## Generating topics from product reviews.
I took a data science class this semester and quickly realized I needed to learn Python (shocking, I know). To help me learn the basics and fulfill several class assignments, I worked on generating common topics that appear in product reviews. Each "topic" is a cluster of words that frequently appear together.

### Cleaning the data.
The data I'm using is a subset of Amazon office product reviews from [here](http://jmcauley.ucsd.edu/data/amazon/). There are 53,258 reviews, but I only kept the first 10,000 reviews with less than 500 characters. Removing stop words ("and", "the", etc.) left 246,172 words to work with.

In [1]:
import nltk
from nltk.tokenize import RegexpTokenizer
from nltk.corpus import stopwords
import unidecode

reviews = []
tokenizer = RegexpTokenizer(r'\w+')
stop_words = set(stopwords.words('english'))
with open('amazon_short_reviews.csv') as inputfile:
    for line in inputfile:
        line_words = tokenizer.tokenize(unidecode.unidecode(line).lower()) 
        reviews.append([w for w in line_words if not w in stop_words])
words = [word for line in reviews for word in line]

In [2]:
print(len(reviews))
print(len(words))

10000
246172


### Calculating SIP scores.
An "SIP" is a statistically improbable phrase. The SIP score tells you just how improbable a word or phrase is. For example, a word with SIP = 5 is used 5 times as often in the corpus of interest (aka, product reviews) as it is in everyday language. 
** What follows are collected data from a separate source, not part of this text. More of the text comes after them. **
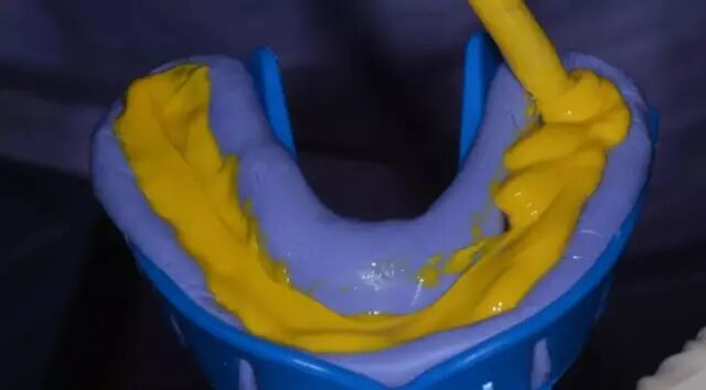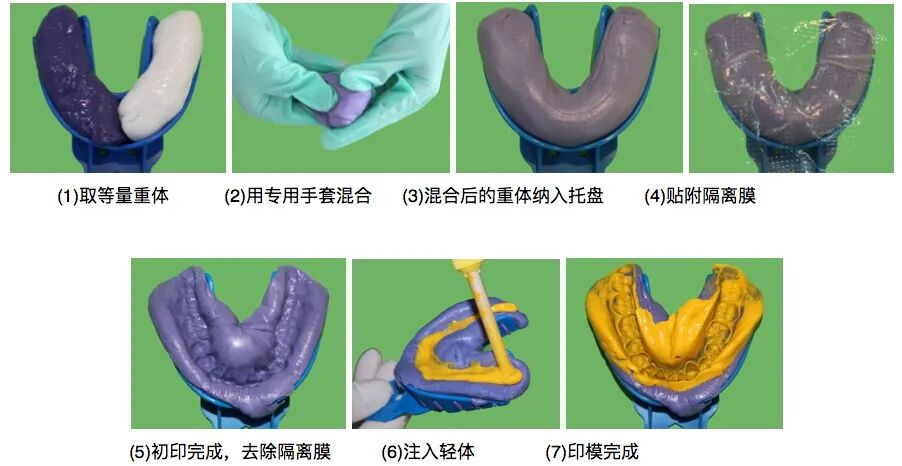 1、剪取比托盘稍大一些的塑料隔离膜。取等量重体印模材料,按生产厂家要求的时间定时。用指肚混合搅拌均匀,呈现均一颜色后,搓成条状填入托盘并覆盖至托盘的高度。确保在牙弓周围有足够的材料覆盖。托盘未端材料需要溢出一些,以取到最后磨牙的远中;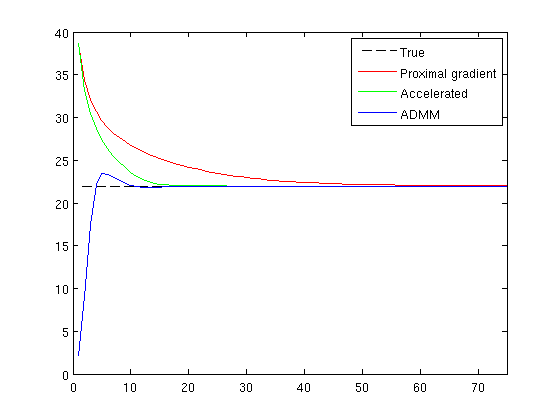 legend('True', 'Proximal gradient', 'Accelerated', 'ADMM');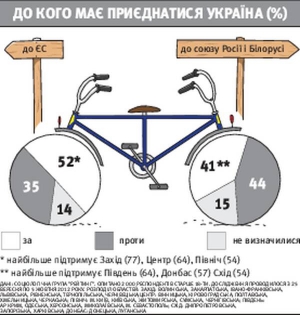 Ми ставили уточнювальне запитання: що ви більше підтримаєте — вступ до зони вільної торгівлі з Євросоюзом чи вступ до Митного союзу? Тут ми бачимо невелику перевагу європейського вибору: 40 відсотків громадян України підтримують підписання угоди з Євросоюзом. Трохи менше — 37 відсотків — за Митний союз. Це уточнення в дечому підтвердило європейський вибір більшості українців.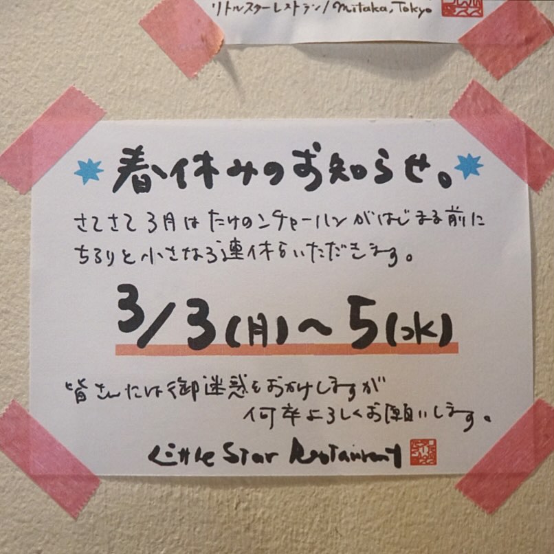さてさて当店次の定休日に合わせて3月アタマ、たけのこチャーハンがはじまる前に、ちらりと小さな春休みは3連休をいただきます…みなさんにはご迷惑をおかけしますが、何卒よろしくお願いします〜★(お) 投稿日 2025年2月26日 著者 okayan カテゴリー single さてさて当店次の定休日に合わせて3月アタマ、たけのこチャーハンがはじまる前に、ちらりと小さな春休みは3連休をいただきます…みなさんにはご迷惑をおかけしますが、何卒よろしくお願いします〜★(お)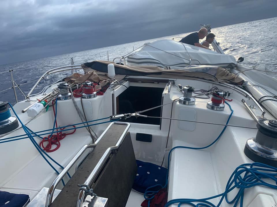 Anyway, around 2 pm. I notice the sea state has changed a bit, instead of the waves all going in one direction they seem to be coming from both left and right. Ask Junior (on watch) why this has happened and he says he is aware of it, there are 3 signs he is looking for and he is waiting for the third sign as he has seen the first 2….??? At this moment Captain Mike, who had been sleeping, pops his head out and says “What’s happening?” Within a few seconds he was on deck shouting at Junior to “drop the mainsail NOW”, Junior ran forward but the bloody sail wouldn’t drop, Michael ran forward to help and they roughly secured the sail with a rope, lazy jacks were not working. The fact that Michael woke up from a sleep because he felt a change in the sea is a testament to his natural sailing ability, his instincts, plus years of experience. It amazed us all and undoubtedly saved us from certain immediate disaster. The wind that hit us 5 minutes later could have knocked us down if we had left the full main sail up.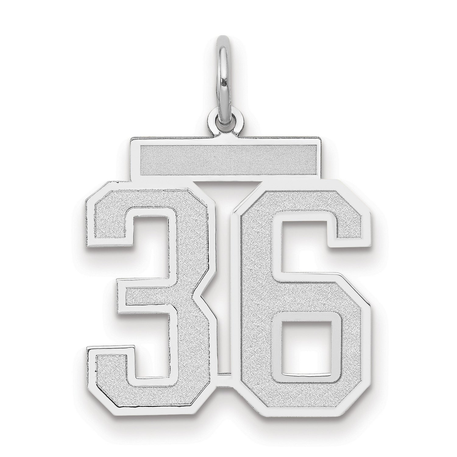 Medium Satin Number 36 Charm Pendant in Real 14k White Gold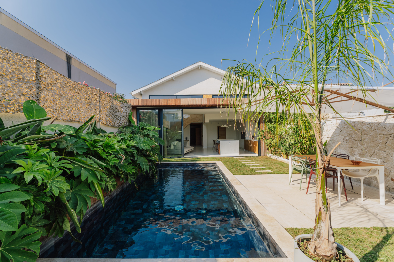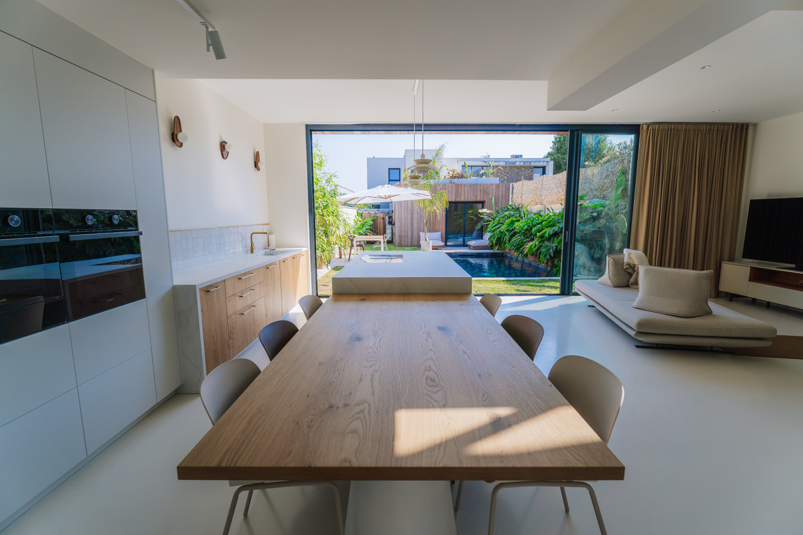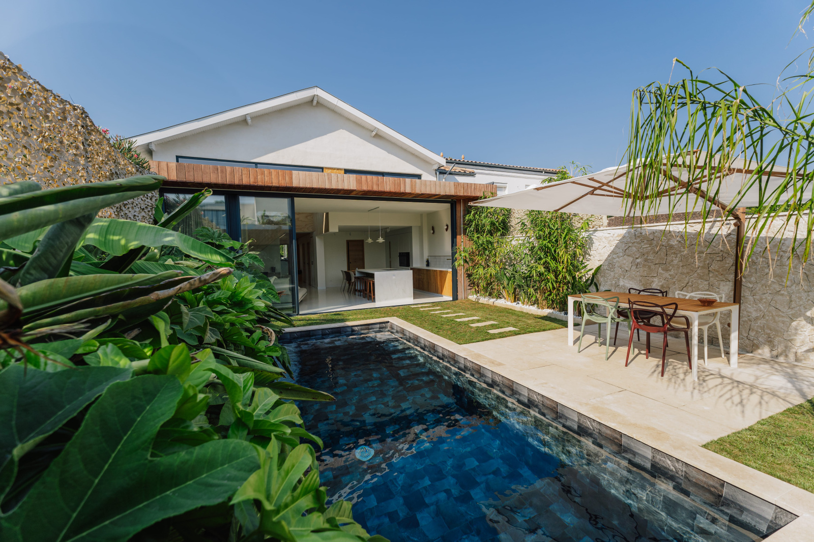 La pièce de vie extrêmement lumineuse donne avec de grandes baies vitrées panoramiques de 8M sur le jardin avec sa piscine chauffée au sel exposée plein Sud.

To find the SIP scores I first calculated the local frequency for each word (number of occurances/total number of words), filtering out words that occured less than 10 times. I used the `wordfreq` library to find the baseline word frequencies.  Dividing local frequency by baseline frequency gives the SIP score.

In [3]:
from wordfreq import word_frequency

num_words = len(words)
text = nltk.Text(words)
uniq_words = list(set(words))
word_pool = []
word_SIP = []
for word in uniq_words:
    count = text.count(word)
    if count < 10:
        continue
    word_pool.append(word)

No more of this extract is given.